*TASK REQUIREMENTS*. Return, exactly and in full, the lines of the records below starting at the one with "RK Plastics manufactures" and ending at the one with "plakatprojekt, 850 x", and no other lines.

*MATERIAL PROVIDED*.

•••••

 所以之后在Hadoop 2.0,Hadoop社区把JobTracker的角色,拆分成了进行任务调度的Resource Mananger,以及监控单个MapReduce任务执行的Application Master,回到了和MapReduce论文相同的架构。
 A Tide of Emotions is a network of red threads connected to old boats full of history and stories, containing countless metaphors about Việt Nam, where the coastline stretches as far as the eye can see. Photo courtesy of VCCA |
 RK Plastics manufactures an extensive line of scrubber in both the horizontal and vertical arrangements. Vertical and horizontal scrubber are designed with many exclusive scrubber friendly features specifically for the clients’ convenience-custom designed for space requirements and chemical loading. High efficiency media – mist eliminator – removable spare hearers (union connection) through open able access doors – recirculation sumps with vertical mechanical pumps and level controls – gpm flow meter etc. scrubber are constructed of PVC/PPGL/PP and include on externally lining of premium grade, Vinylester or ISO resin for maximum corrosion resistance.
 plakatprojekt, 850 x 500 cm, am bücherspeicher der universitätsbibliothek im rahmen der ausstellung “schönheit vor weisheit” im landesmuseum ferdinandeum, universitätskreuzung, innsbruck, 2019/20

•••••

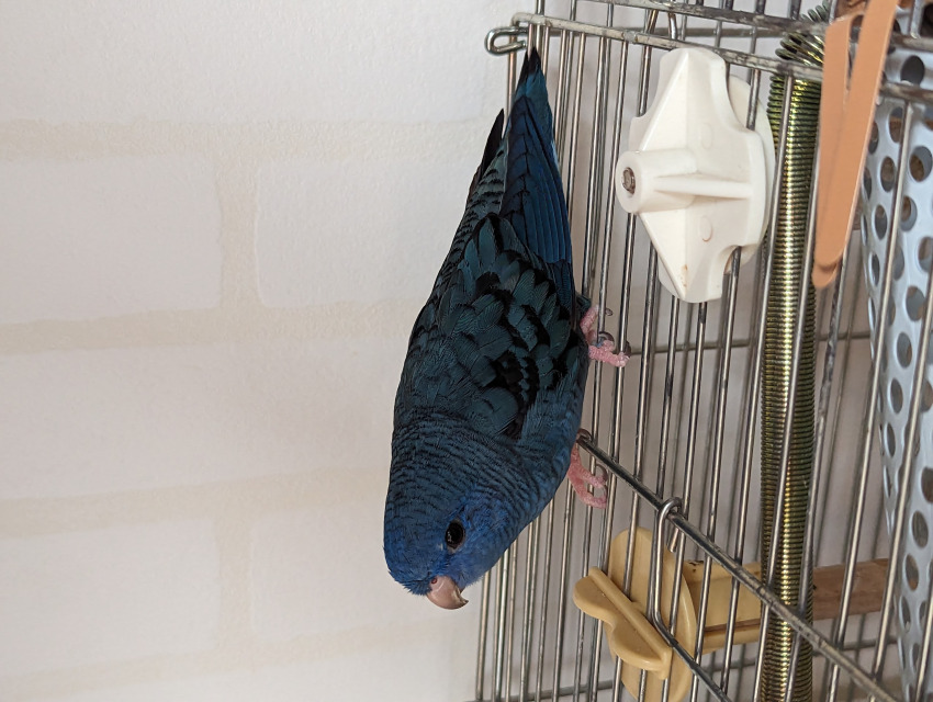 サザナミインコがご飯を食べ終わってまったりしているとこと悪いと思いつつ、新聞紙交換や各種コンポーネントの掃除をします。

•••••

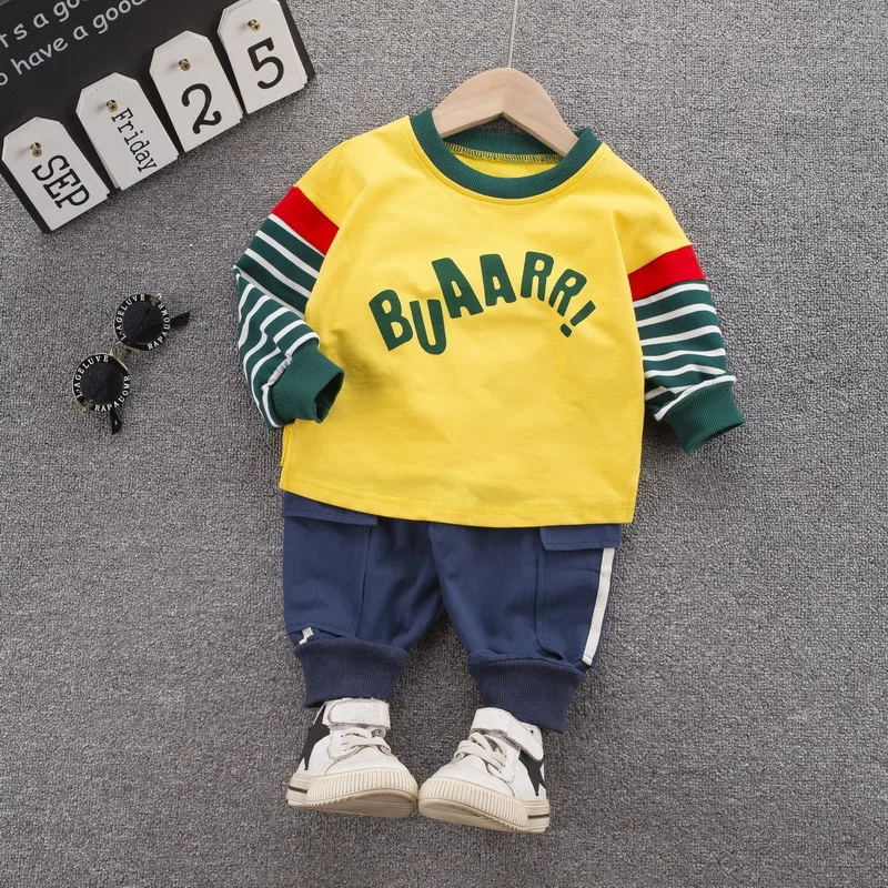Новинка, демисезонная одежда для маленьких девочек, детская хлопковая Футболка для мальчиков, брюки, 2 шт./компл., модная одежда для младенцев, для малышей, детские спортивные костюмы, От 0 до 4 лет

•••••

*WRITTEN SOLUTION*.
 RK Plastics manufactures an extensive line of scrubber in both the horizontal and vertical arrangements. Vertical and horizontal scrubber are designed with many exclusive scrubber friendly features specifically for the clients’ convenience-custom designed for space requirements and chemical loading. High efficiency media – mist eliminator – removable spare hearers (union connection) through open able access doors – recirculation sumps with vertical mechanical pumps and level controls – gpm flow meter etc. scrubber are constructed of PVC/PPGL/PP and include on externally lining of premium grade, Vinylester or ISO resin for maximum corrosion resistance.
 plakatprojekt, 850 x 500 cm, am bücherspeicher der universitätsbibliothek im rahmen der ausstellung “schönheit vor weisheit” im landesmuseum ferdinandeum, universitätskreuzung, innsbruck, 2019/20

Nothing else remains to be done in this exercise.